Le blog des Jeunes Radicaux de Gauche
7 oct
Depuis plusieurs années1 , les JRG se battent pour que le gouvernement agisse en faveur de l’accès des étudiants au crédit. Les parlementaires Radicaux de Gauche ont plusieurs fois relayé cet appel2 .
Le recours au prêt étudiant est une mesure pertinente pour permettre à certains jeunes de financer une partie de leurs dépenses estudiantines.
Tout particulièrement ceux dont les parents ne peuvent ni financer leurs enfants, ni fournir de garantie solvable suffisante auprès des banquiers. Car le système actuel dit de prêt étudiant n’en a jamais été un. Derrière l’intitulé se dissimule un prêt onéreux réservé aux parents bénéficiant d’une situation financière confortable.
Agir sur l’accès aux outils bancaires incarne surtout une solution de complément à un système de bourse qui doit rester le pilier de l’aide sociale étudiante. Les JRG seront donc extrêmement vigilants à ce que le système anglais de crédit n’inspire pas le gouvernement.
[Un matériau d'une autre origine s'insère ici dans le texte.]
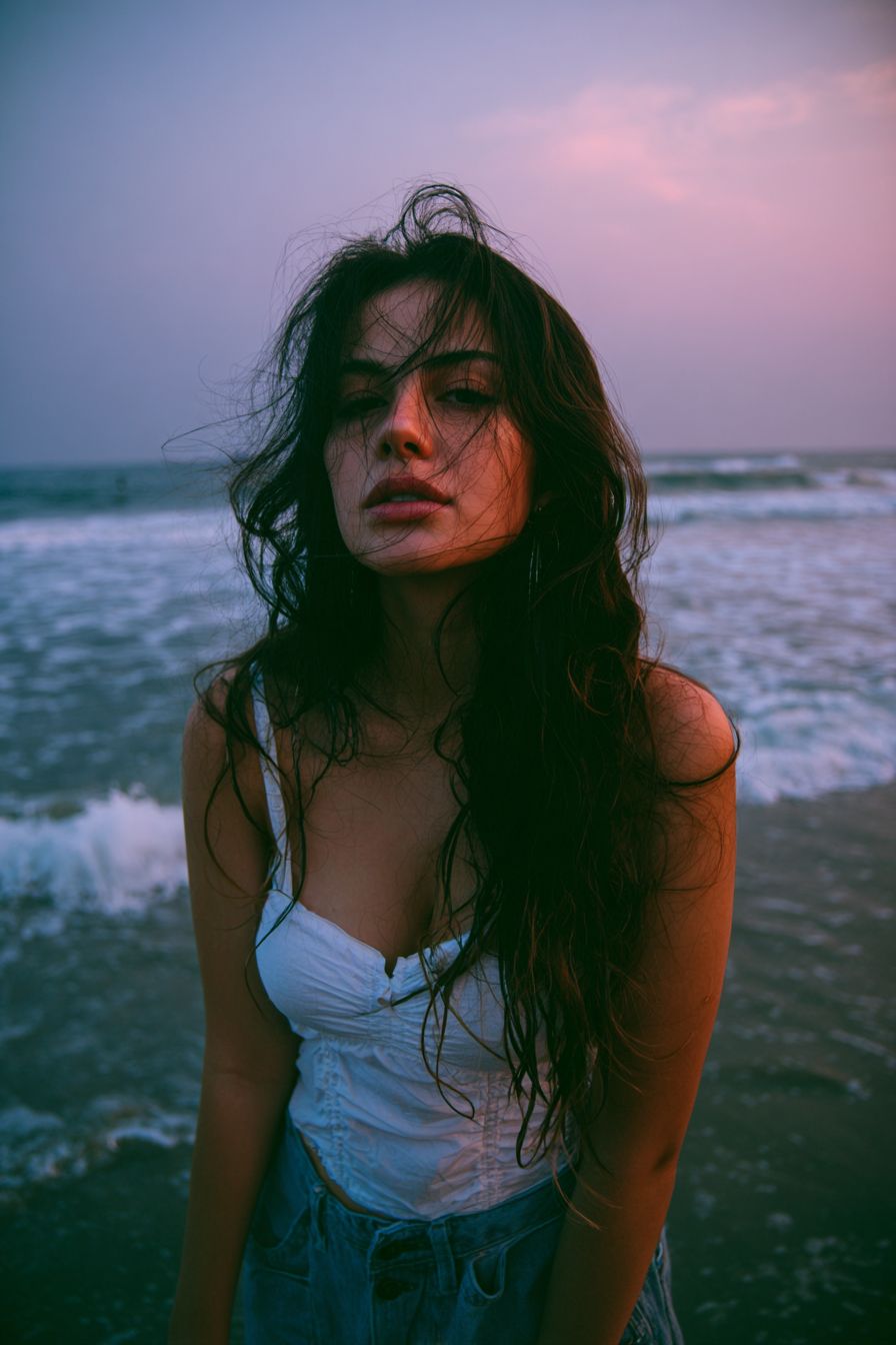 A young woman wearing a white spaghetti-strap top and denim bottoms on the beach at dusk

Il s’agit en effet pour les Britanniques d’un système lié à la fin de la gratuité des études et où les prêts ont remplacé les bourses sociales3 . Face à la hausse constante des frais d’inscription en France, l’inquiétude est légitime.
Mais notre déception à l’égard de l’annonce de la réforme du prêt étudiant annoncée par Valérie Pécresse, dépasse notre préoccupation de maintien d’un système qui corrige les inégalités des chances. En effet sur le fond, le projet proposé n’assure en rien l’efficience de ce type de prêt.
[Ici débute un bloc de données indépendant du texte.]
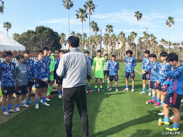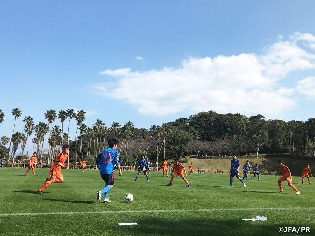 鹿児島県指宿市でJENESYS 2019青少年交流大会に参加しているU-17日本代表は、2月26日(水)にグループステージ第1戦となる地元鹿児島県選抜との試合(40分ハーフ)を迎えました。

Tout d’abord, aucun dispositif n’a été imaginé pour que l’accès au crédit soit de droit pour tous les étudiants et apprentis quelles que soient leurs ressources. La garantie publique n’empêchera t’elle pas une sélection, un filtrage, opéré par les organismes bancaires ? Ensuite, ce prêt n’est pas le crédit à taux 0 que nous réclamions. L’Etat s’engage à le subventionner à 70% via Oséo contre 30% pour les banques et organismes de crédit partenaires. Ces derniers, annoncent des taux variant de 3,5 à 4,5 %….
En outre, il devrait être envisagé un plafonnement du crédit qui varie selon les frais inhérents à l’activité de l’étudiant. Un apprenti parisien peut subir des frais bien plus élevés qu’un étudiant en sciences humaines en région…
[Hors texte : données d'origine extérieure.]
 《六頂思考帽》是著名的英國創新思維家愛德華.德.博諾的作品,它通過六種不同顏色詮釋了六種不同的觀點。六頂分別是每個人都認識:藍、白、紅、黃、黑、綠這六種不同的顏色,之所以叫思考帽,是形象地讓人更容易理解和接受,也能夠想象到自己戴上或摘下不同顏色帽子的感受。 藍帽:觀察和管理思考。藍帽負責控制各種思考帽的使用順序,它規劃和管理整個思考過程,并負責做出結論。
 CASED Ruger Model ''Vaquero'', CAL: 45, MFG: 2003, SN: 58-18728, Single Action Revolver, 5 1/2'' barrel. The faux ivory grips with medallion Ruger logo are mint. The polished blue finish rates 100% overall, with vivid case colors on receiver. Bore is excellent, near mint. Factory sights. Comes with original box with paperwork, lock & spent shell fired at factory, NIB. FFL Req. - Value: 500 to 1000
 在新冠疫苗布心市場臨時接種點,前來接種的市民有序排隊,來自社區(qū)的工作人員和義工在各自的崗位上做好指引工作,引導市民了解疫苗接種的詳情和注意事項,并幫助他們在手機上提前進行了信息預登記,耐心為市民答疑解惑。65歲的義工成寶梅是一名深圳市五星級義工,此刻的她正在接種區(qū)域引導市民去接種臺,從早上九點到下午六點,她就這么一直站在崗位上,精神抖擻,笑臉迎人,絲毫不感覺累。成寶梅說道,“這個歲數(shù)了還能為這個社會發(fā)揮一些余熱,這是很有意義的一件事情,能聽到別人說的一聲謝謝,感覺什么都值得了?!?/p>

Car l’enjeu du remboursement est capital. Les études anglaises montrent qu’il est courant que des jeunes prolongent le remboursement de leur crédit étudiant sur plus de quinze annuités…
Cyril Mourin
Vice Président JRG
1 Notamment « Faire évoluer les conditions d’accès au “crédit étudiant” »- Communiqué JRG décembre 2006 et « Une nouvelle approche sociale l’université » Janvier 2008
2 « Conditions d’accès au crédit des étudiants »Question de Joél Giraud , Février 2008
3 Voir notamment « L’action publique dans les ressources financières étudiantes en France et en Angleterre depuis les années 80 : bourses et prêts » – Mémoire M2 POTEPSE- Paris X Nanterre
4 fév
Suite au communiqué de presse des JRG sur la question du crédit étudiant et à la démarche entreprise par Cyril MOURIN (en charge des relations avec les parlementaires PRG), ci-dessous, une question écrite au Gouvernement effectuée par le Député PRG des Hautes-Alpes, Joel GIRAUD, à l’adresse de Mme la ministre de l’Enseignement supérieur et de la Recherche.
QUESTION ECRITE AU GOUVERNEMENT
Conditions d’accès au crédit des étudiants.
28 01 2008
Joël GIRAUD attire l’attention de madame le Ministre de l’Enseignement Supérieur et de la Recherche sur les conditions de vie des étudiants et notamment sur les difficultés de leur accès au crédit. En effet, le risque lié à l’incertitude quant à l’obtention d’un emploi conduit les organismes bancaires à une grande prudence et a pour effet que seuls les étudiants les plus fortunés ou pouvant mobiliser les garanties solidaires de leurs parents peuvent avoir accès au crédit. La mise en place de garanties publiques, sur le modèle du système mis en place pour les cautions concernant les logements, permettrait d’apporter rapidement des solutions concrètes. Une concertation élargie devrait permettre de bien prendre en compte la réalité des besoins et de définir les mesures à mettre en œuvre. Il la remercie de lui préciser les intentions du gouvernement sur ce problème.